- **Dataset records**

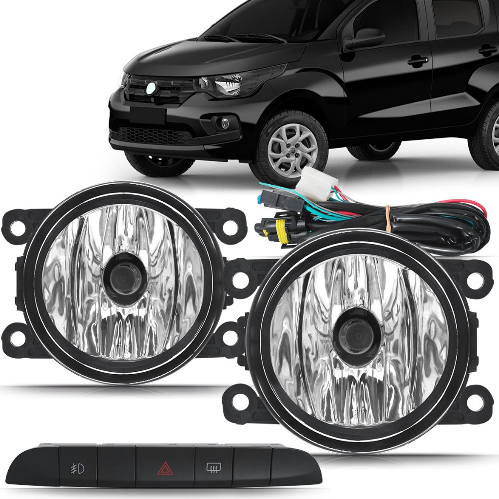 KIT FAROL DE MILHA DO FIAT MOBI 2016, 2017, 2018, 2019, 2020 e 2021, COM BOTÃO ORIGINAL DA FIAT
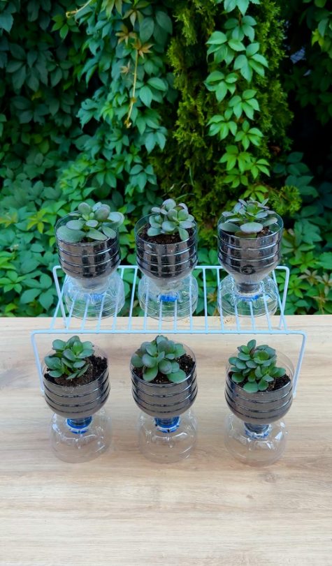3. Turn plastic bottles into self-watering planters
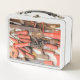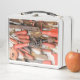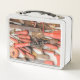 This is a standard metal lunchbox that appears to work just fine. We designed this box ourselves with an uploaded photo and custom text on the front and back. It looks absolutely beautiful except the front of the lunchbox is not centered like it shows in the photo. The print borders don't align with the inset flat part of the box where the preview photo online showed it perfectly centered in there. The back looks nice and centered though.
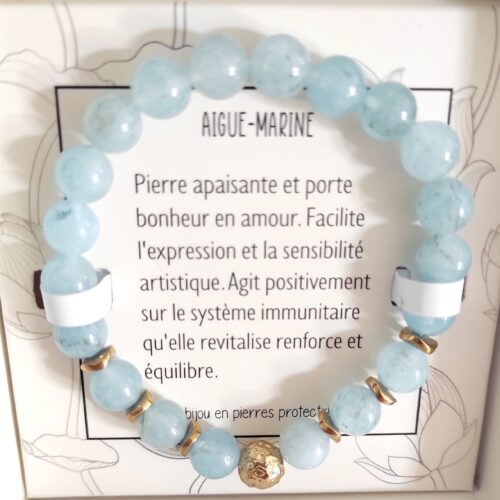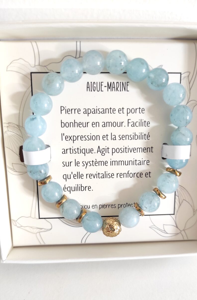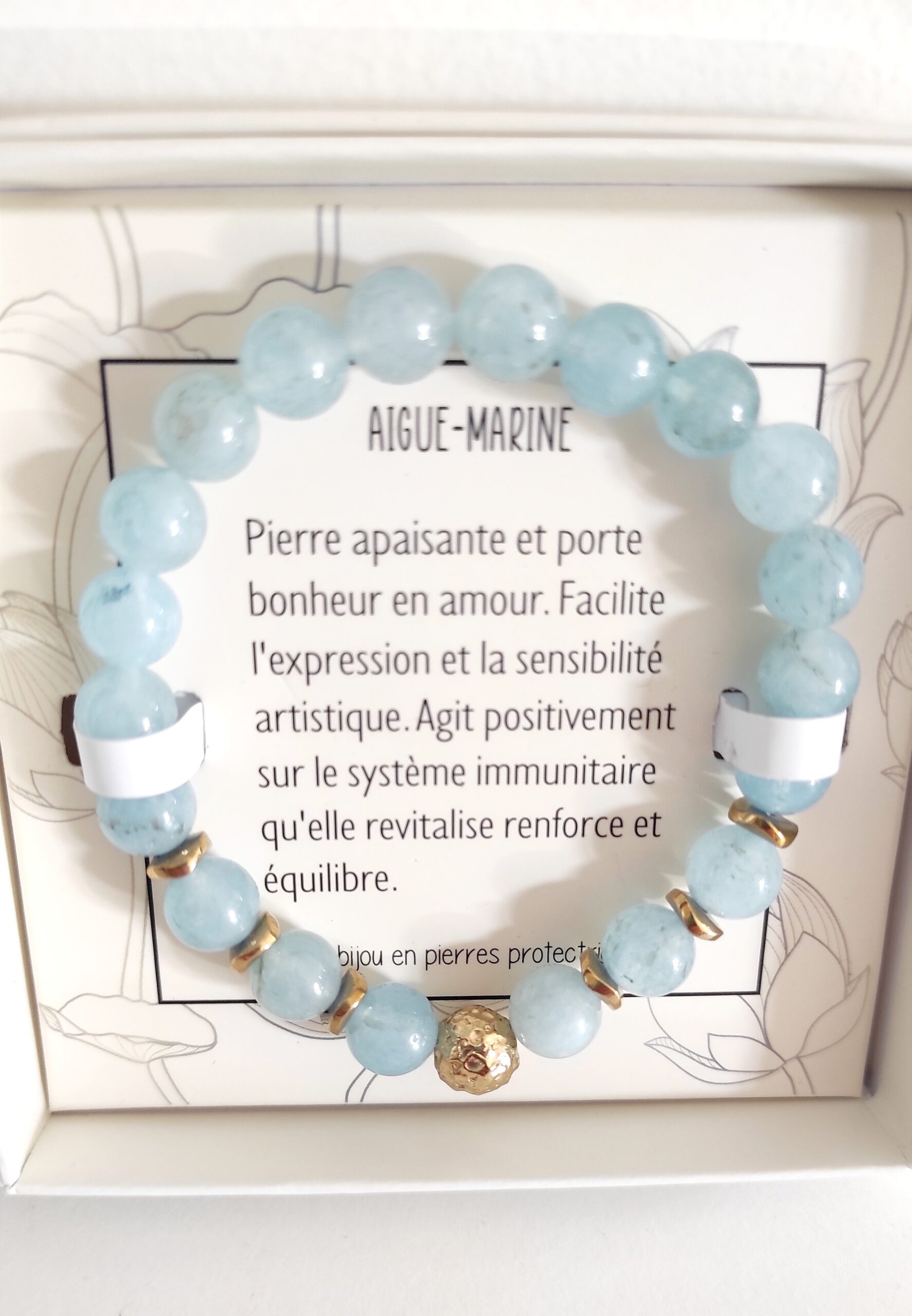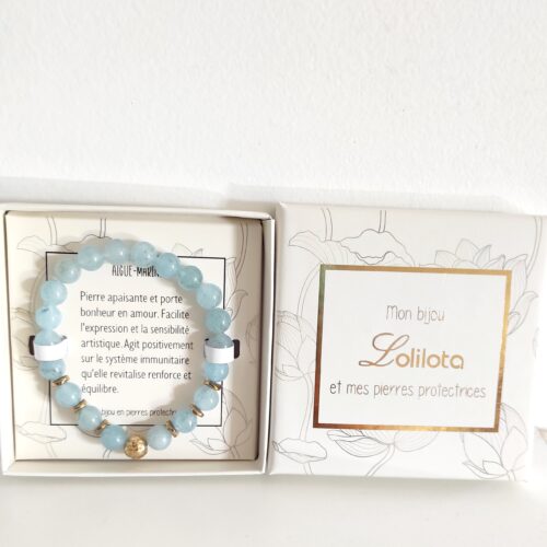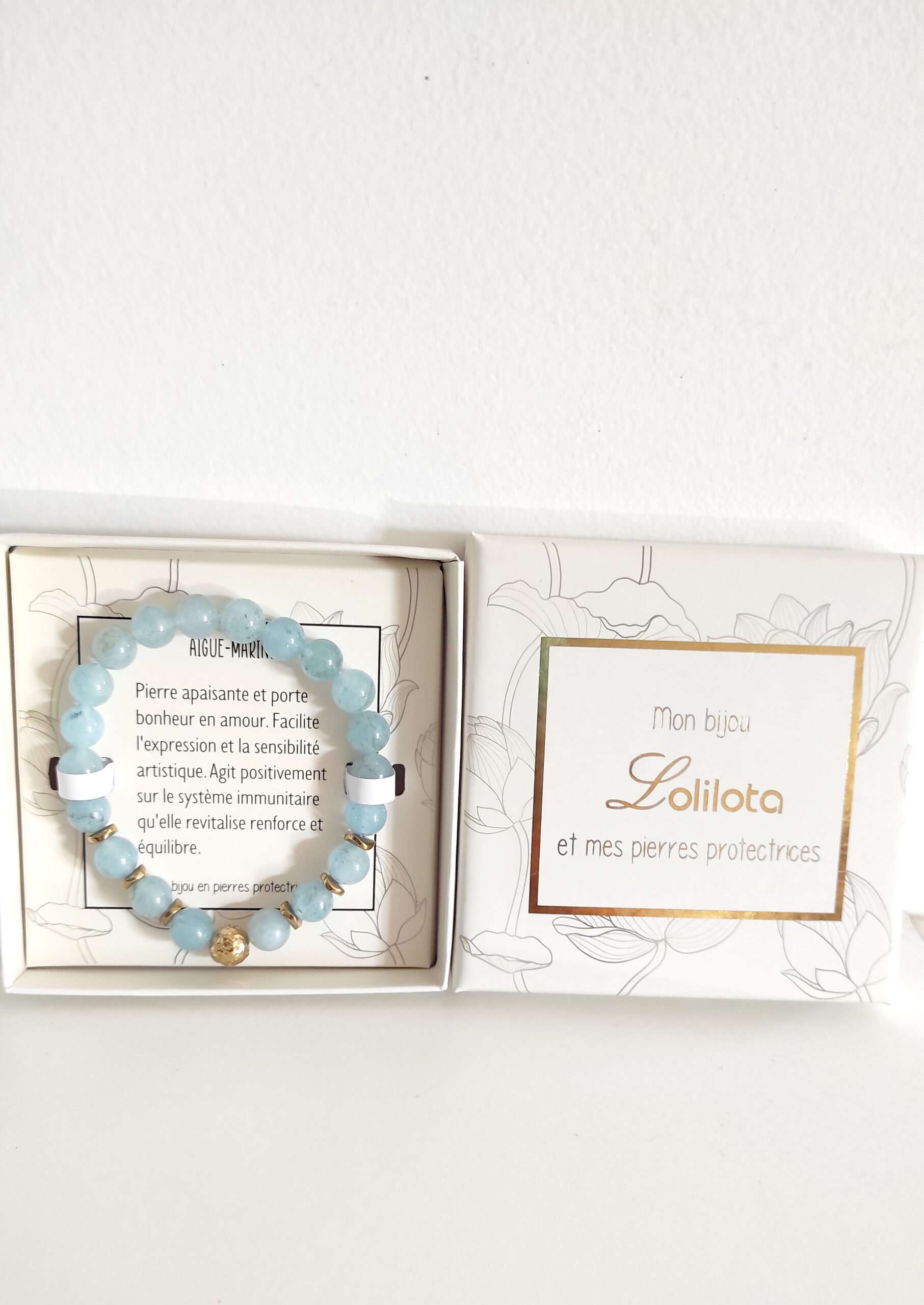 Bracelet élastique de perles en pierre naturelle Aigue Marine de marque Lolilota. Bijoux dans son coffret avec la signification de la pierre à l’intérieur de la boîte, cadeau parfait pour être offert 🎁 Les parties métalliques sont en acier inoxydable doré, la couleur ne changera pas 👍  Le diamètre du bracelet fait 5cm environ, la taille convient à la plupart des tailles de poignets moyens 👌 Bijoux tendance et parfait pour être porté au quotidien 😍
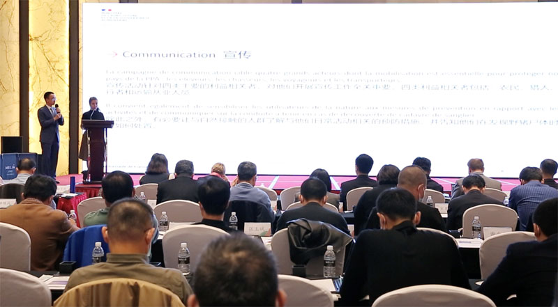 会议中,相关会议代表介绍了法国对于非洲猪瘟的预防做法和法国布列塔尼省生猪产业情况。下午,会议开设了育种技术及猪场建设论坛和猪场设备及动物营养企业B2B自由对接活动,参会人员就中法养猪技术及产品相关的进行了深入交流。接下来,山东将强化与法国在生猪品种、投入品、设施装备、猪肉精深加工以及科技方面的合作。

- **Required work**
Please print each entry exactly as it stands, without the pictures.

- **Task answer**
 KIT FAROL DE MILHA DO FIAT MOBI 2016, 2017, 2018, 2019, 2020 e 2021, COM BOTÃO ORIGINAL DA FIAT
3. Turn plastic bottles into self-watering planters
 This is a standard metal lunchbox that appears to work just fine. We designed this box ourselves with an uploaded photo and custom text on the front and back. It looks absolutely beautiful except the front of the lunchbox is not centered like it shows in the photo. The print borders don't align with the inset flat part of the box where the preview photo online showed it perfectly centered in there. The back looks nice and centered though.
 Bracelet élastique de perles en pierre naturelle Aigue Marine de marque Lolilota. Bijoux dans son coffret avec la signification de la pierre à l’intérieur de la boîte, cadeau parfait pour être offert 🎁 Les parties métalliques sont en acier inoxydable doré, la couleur ne changera pas 👍  Le diamètre du bracelet fait 5cm environ, la taille convient à la plupart des tailles de poignets moyens 👌 Bijoux tendance et parfait pour être porté au quotidien 😍
 会议中,相关会议代表介绍了法国对于非洲猪瘟的预防做法和法国布列塔尼省生猪产业情况。下午,会议开设了育种技术及猪场建设论坛和猪场设备及动物营养企业B2B自由对接活动,参会人员就中法养猪技术及产品相关的进行了深入交流。接下来,山东将强化与法国在生猪品种、投入品、设施装备、猪肉精深加工以及科技方面的合作。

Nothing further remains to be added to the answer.